An ant decides to move around an equilateral triangle. At each of the vertex the ant has a probability of 1/2 to move to either of the remaining two vertices.
Given.
A: The ant crawls around the edges 10 times and comes to the starting point.
B: The ant crawls around the edges 8 times and comes to the starting point.
C: The ant crawls around the edges 6 times and comes to the starting point.

Which of the following is true --

a)B>A>C b) C>B>A c) A>B>C d) C>A>B e) A>C>B f) A=B=C g) B>C>A

[pemdas]

ant can move around triangle sides 3! times. With every additional time the ant moves around the triangle sides it has decreased probability assigned to moving towards vertexes. Hence C>B>A

b

An ant decides to move around an equilateral triangle. At each of the vertex the ant has a probability of 1/2 to move to either of the remaining two vertices.
Given.
A: The ant crawls around the edges 10 times and comes to the starting point.
B: The ant crawls around the edges 8 times and comes to the starting point.
C: The ant crawls around the edges 6 times and comes to the starting point.

Which of the following is true --

a)B>A>C b) C>B>A c) A>B>C d) C>A>B e) A>C>B f) A=B=C g) B>C>A

[santhoshsram]

A, B, C are the probabilities that each of the described outcome happens?

An ant decides to move around an equilateral triangle.

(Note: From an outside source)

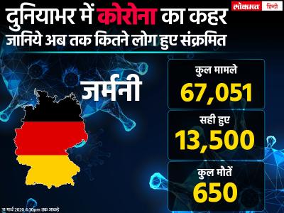 जर्मनी में कुल मामले हैं 67051, सही हुए 13500, कुल मौतें 650

At each of the vertex the ant has a probability of 1/2 to move to either of the remaining two vertices.
Given.
A: The ant crawls around the edges 10 times and comes to the starting point.
B: The ant crawls around the edges 8 times and comes to the starting point.
C: The ant crawls around the edges 6 times and comes to the starting point.

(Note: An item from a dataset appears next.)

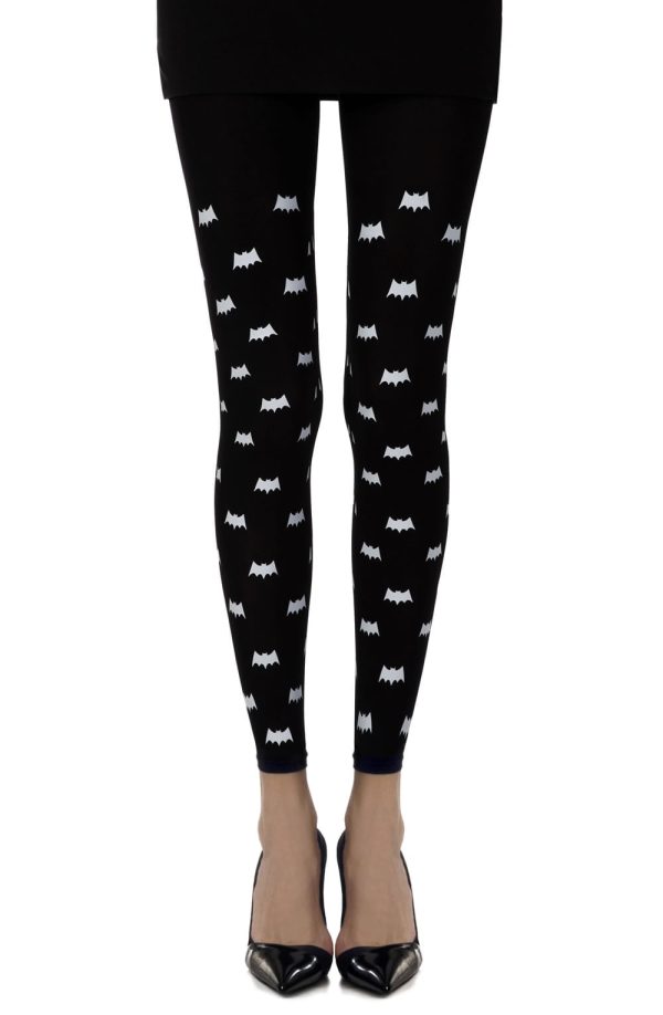 Opaque 120 denier footless black tights with a special little gray light bats print all over the legs. The print is on both legs front and back.

Which of the following is true --

a)B>A>C b) C>B>A c) A>B>C d) C>A>B e) A>C>B f) A=B=C g) B>C>A

[santhoshsram]

B IMO too.

Slightly different explanation. Assume the triangle is XYZ. Let's say the ant start from X.

A: Comes back to X after 10 moves.
Move 1: It can go to any of Y or Z. Prob 1. Let's say it went to Y.
Move 2: Now it has to go to Z, otherwise it would return to starting point X. Prob = 1 * 1/2
Move 3: It has to go back to Y, otherwise it would return to X. Prob = 1 * 1/2 * 1/2
...
In fact It has to pick the same edge YZ for each of the moves until move 10.
Move 10: Whichever vertex the ant is at, it has to pick X to return to starting point. Prob = 1 * 1/2 *...* 1/2 (eight 1/2s, one each for each of the 8 preceding moves. Leave out move 1, it has prob 1) * 1/2

P(A) = (1/2)^9

In general if the ant has to return to starting position in n moves, the probability is (1/2)^(n-1) (Assuming n > 1).

P(B) = (1/2)^7
P(C) = (1/2)^5

Hence, P(C) > P(B) > P(A)